PORTION (part)-as atomic unit compression file part, so as to individually enter to the part Row is decompressed to read primary NGS data.

QUALITY SCORE (quality score)-data value, data value as caused by sequencing machine represents machine to alkali The estimation of the error probability of base.The corresponding relation between base in quality score and read depends on file format.

Field in read-machine output file and comparison file, the field include the NA alkali by sequencing machine recognition Base.

REFERENCE NA (referring to NA)-used by comparative device to determine the predetermined composition of read position and any difference NA.Comparative device is provided to reference to NA and is reported in file is compared.For example, human DNA, which can use, refers to human DNA It is compared.

SAM-be used to compare the Standard File Format of file.

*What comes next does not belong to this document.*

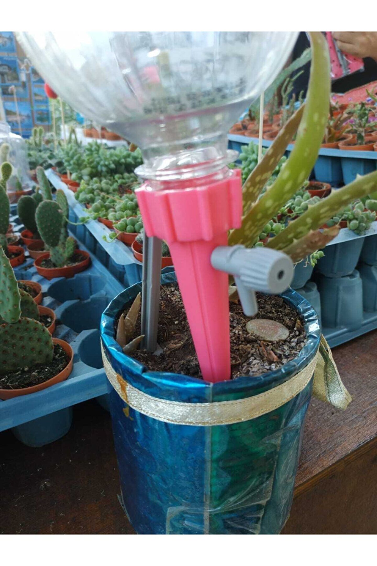 Tatile çıktığınızda çiçekleriniz susuz kalmayacak! Sevdiklerinizin kabristanlarındaki çiçekler solmayacak. Bu ürün FULL REYON tarafından gönderilecektir. Piyasadaki tüm gazlı içeceklerin şişelerine uyumludur. ŞİŞE KAPAKLARININ ALTINDAKİ HALKAYI KOPARMAYI VE HAVA ALIP DAMLAMA YAPABİLMESİ İÇİN ŞİŞE DİBİNDE DELİK AÇMAYI UNUTMAYIN! ; Şişe Ebadına Göre 30 Güne Kadar Çiçek Ve Bitkilerinizi Sulayabilirsiniz.; ; Şişe İçeriğine Vitamin Vb. Ek Takviyeler Eklenebilir.; ; Zaman Ayarı Yapabildiğiniz Musluklu Model Sayesinde Siz Evde Yokken Bitkilerinizi Düşünmenize Gerek Kalmayacak.; ; Yanında Gönderdiğimiz Destek Sayesinde Büyük Şişeleriniz Devrilmeden Sabit Durmasını Sağlar.; ; 1 Adet Siparişinizde 10 Adet Gönderilir.; ; Renkler Stok Durumuna Göre Karışık Gönderilmektedir; ; Paket içeriği: 10 Adet Sulama Aparatı, 10 Adet Musluk, 10 Adet Destek Aparatı. Kullanıma hazır olarak gönderilecektir. ; Not: Kullanılan şişelere İğne Vasıtasıyla 1 Adet Delik Açarak Hava Almasını Ve damlamasını Sağlamalısınız.; ; Kampanya fiyatından satılmak üzere 100 adetten fazla stok sunulmuştur.; İncelemiş olduğunuz ürünün satış fiyatını satıcı belirlemektedir.;

SECTION (section)-machine output file or the portion for including certain types of one group of sort field for comparing file Point.Thus, the section of the machine output file of FASTQ forms includes label field, read field and quality score field.BAM Include title section with the comparison file of SAM forms, be one or more comparison sections afterwards

SLICE (fragment)-machine output file or the logic section for including certain types of all fields for comparing file Point.Thus, machine output file can be logically divided into the fragment comprising label, the fragment comprising read and be commented comprising quality The fragment divided.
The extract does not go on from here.